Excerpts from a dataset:
========

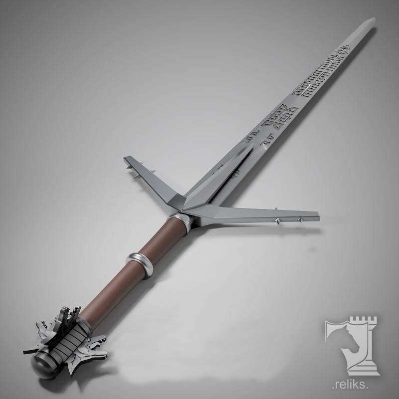 It was created using official in game artwork and 3D models, giving it strong visual accuracy to the Aerondight seen in The Witcher 3: Wild Hunt.
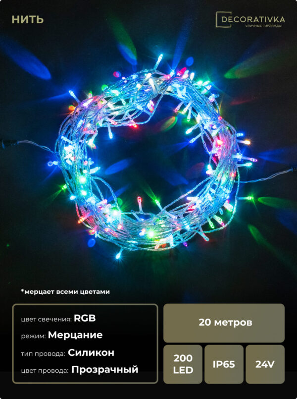 Пример свечения диодов на Гирляндах с проводом ПВХ без колпачка, режим работы - Мерцание
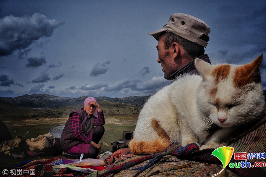 哈萨克族牧民整理行裹准备迁徙。
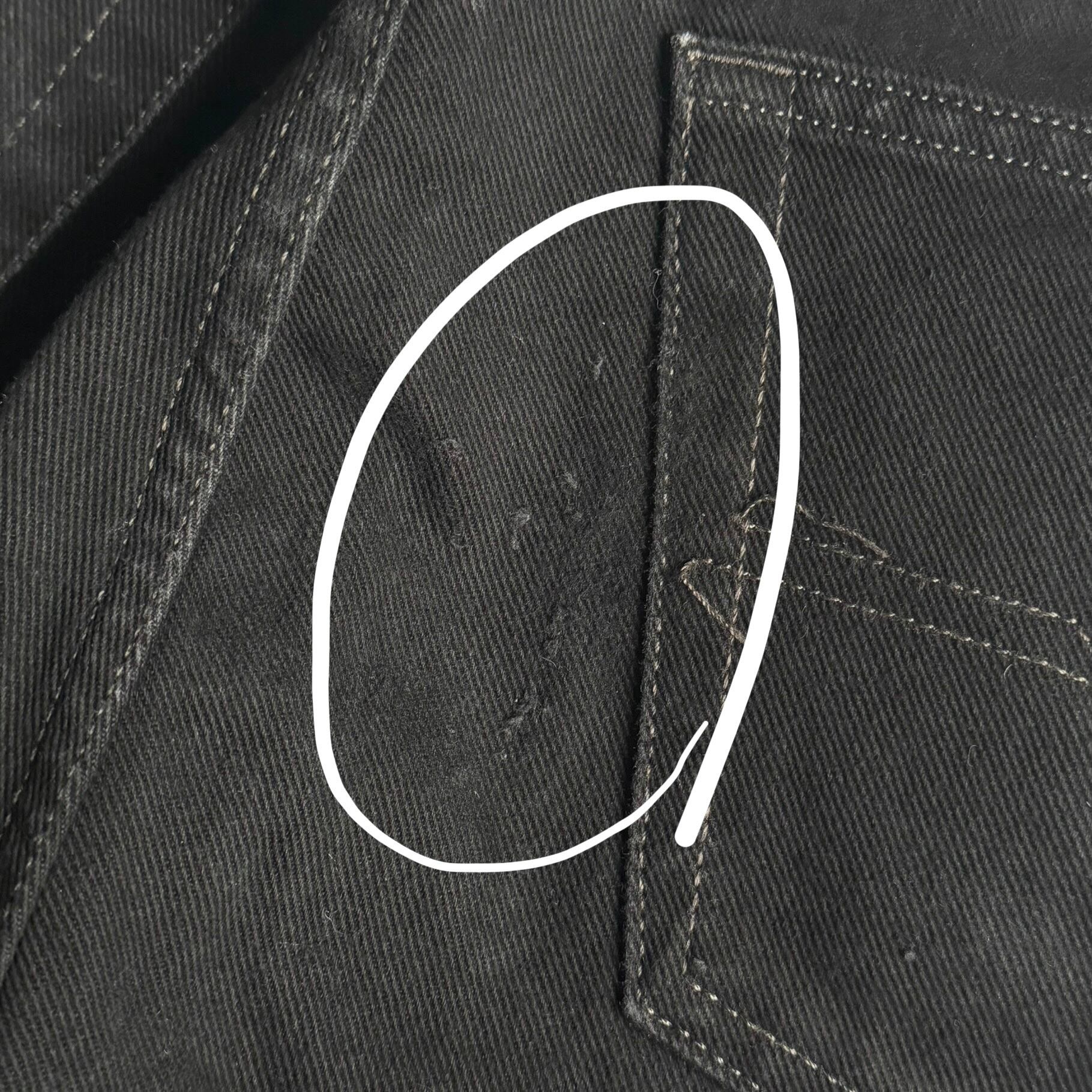 •SIZE ウエスト 86cm 股上 28.5cm 股下 77cm わたり 31cm 裾幅 21.5cm •MATERIAL COTTON 100% •COLOR ブラック •CONDITION 使用感、アタリ、ヒップあたりに小さなダメージ。写真にてご確認下さい。
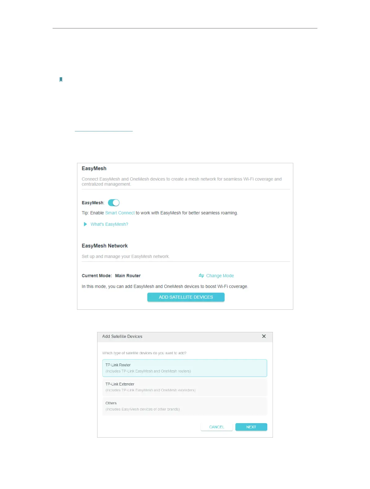 3. Click ADD SATELLITE DEVICES, select TP-Link Router, then click NEXT.
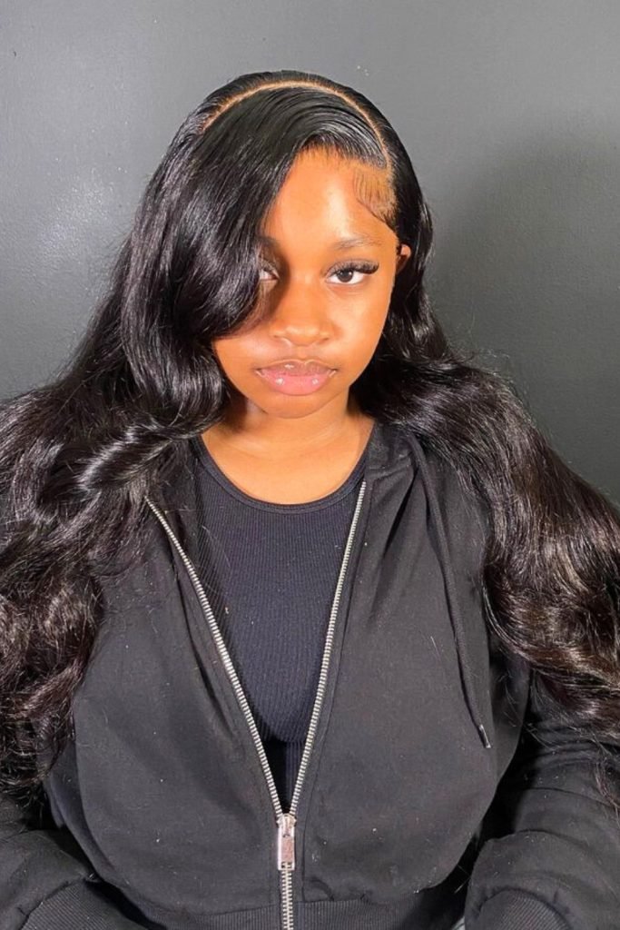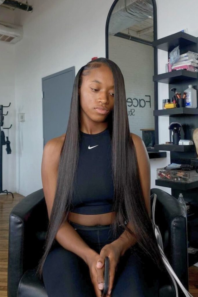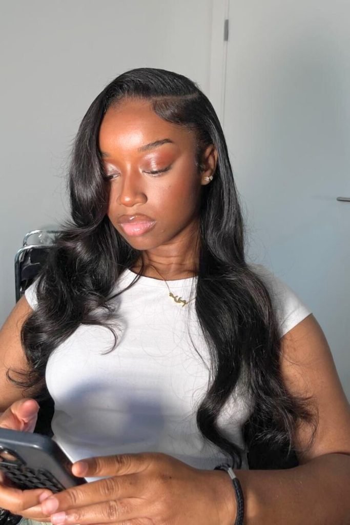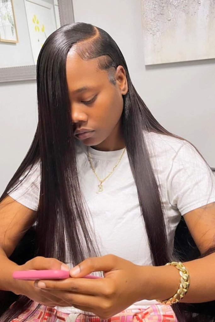 7. Long Side-Parted Sleek Hair
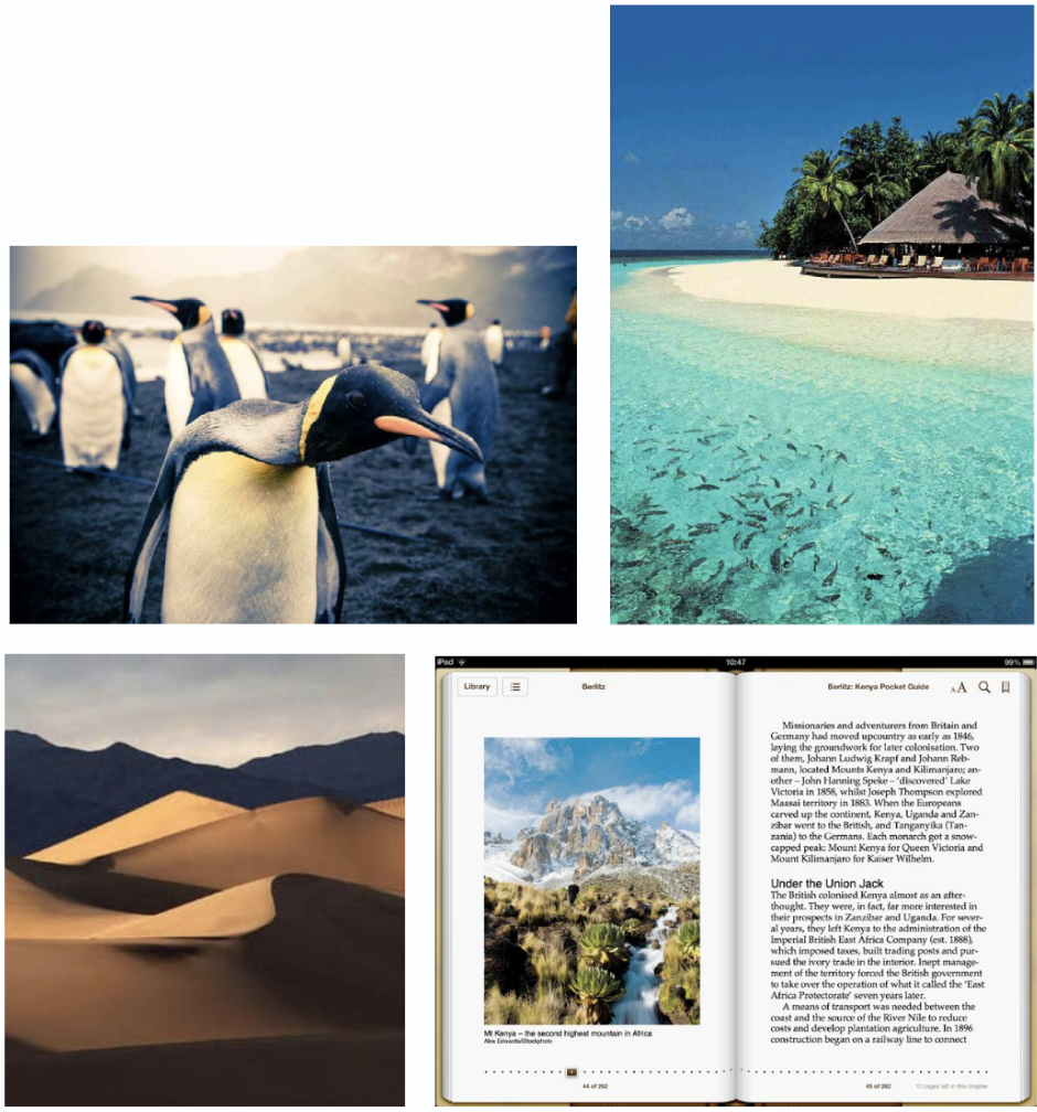 These images compare samples from Insight Guides’ print books with their eBook counterparts. The layout of the print version informs the eBook version. Note that the eBook sidebar “Dyeing to Make a Fortune” is opposite the map of the city, just as it is in the print version. Double-clicking the map brings up a full-page image. Similarly, the images in the second comparison are located as they are in the print layout. This fidelity between print and eBook versions helps keep the user experience consistent across formats.
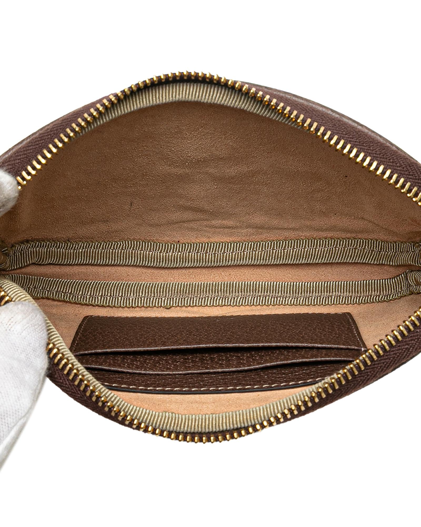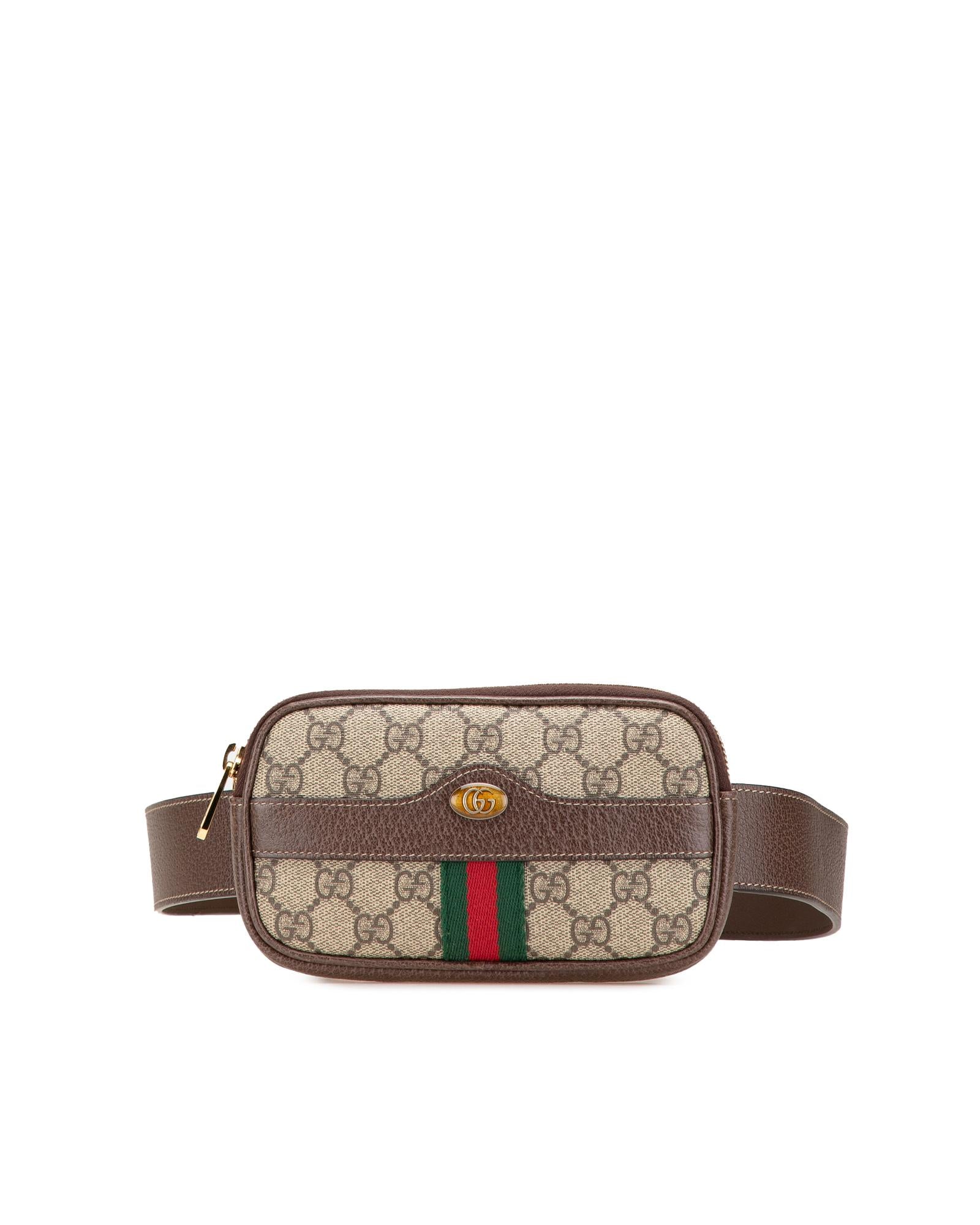 The Ophidia belt bag features a coated canvas body with leather trim an adjustable flat leather waist strap a top zip closure and interior slip pockets.Brand: Gucci Vintage
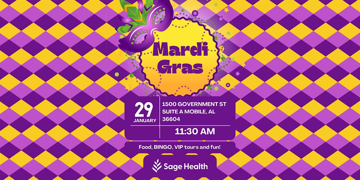 Welcome to Sage Health Midtown Mardi Gras! Get ready to celebrate with us at 1500 Government St, Suite A, on January 29, 2026, at 11:30 AM (Central Time). Let's enjoy a day filled with music, food, and BINGO. Don't miss out on this exciting event! VIP Tours are available as an add-on to your RSVP. This event is for adults 50+.

========

▶ **Description of the task**
With the pictures set aside, please write out all of the records above exactly.

▶ **Result**
 It was created using official in game artwork and 3D models, giving it strong visual accuracy to the Aerondight seen in The Witcher 3: Wild Hunt.
 Пример свечения диодов на Гирляндах с проводом ПВХ без колпачка, режим работы - Мерцание
 哈萨克族牧民整理行裹准备迁徙。
 •SIZE ウエスト 86cm 股上 28.5cm 股下 77cm わたり 31cm 裾幅 21.5cm •MATERIAL COTTON 100% •COLOR ブラック •CONDITION 使用感、アタリ、ヒップあたりに小さなダメージ。写真にてご確認下さい。
 3. Click ADD SATELLITE DEVICES, select TP-Link Router, then click NEXT.
 7. Long Side-Parted Sleek Hair
 These images compare samples from Insight Guides’ print books with their eBook counterparts. The layout of the print version informs the eBook version. Note that the eBook sidebar “Dyeing to Make a Fortune” is opposite the map of the city, just as it is in the print version. Double-clicking the map brings up a full-page image. Similarly, the images in the second comparison are located as they are in the print layout. This fidelity between print and eBook versions helps keep the user experience consistent across formats.
 The Ophidia belt bag features a coated canvas body with leather trim an adjustable flat leather waist strap a top zip closure and interior slip pockets.Brand: Gucci Vintage
 Welcome to Sage Health Midtown Mardi Gras! Get ready to celebrate with us at 1500 Government St, Suite A, on January 29, 2026, at 11:30 AM (Central Time). Let's enjoy a day filled with music, food, and BINGO. Don't miss out on this exciting event! VIP Tours are available as an add-on to your RSVP. This event is for adults 50+.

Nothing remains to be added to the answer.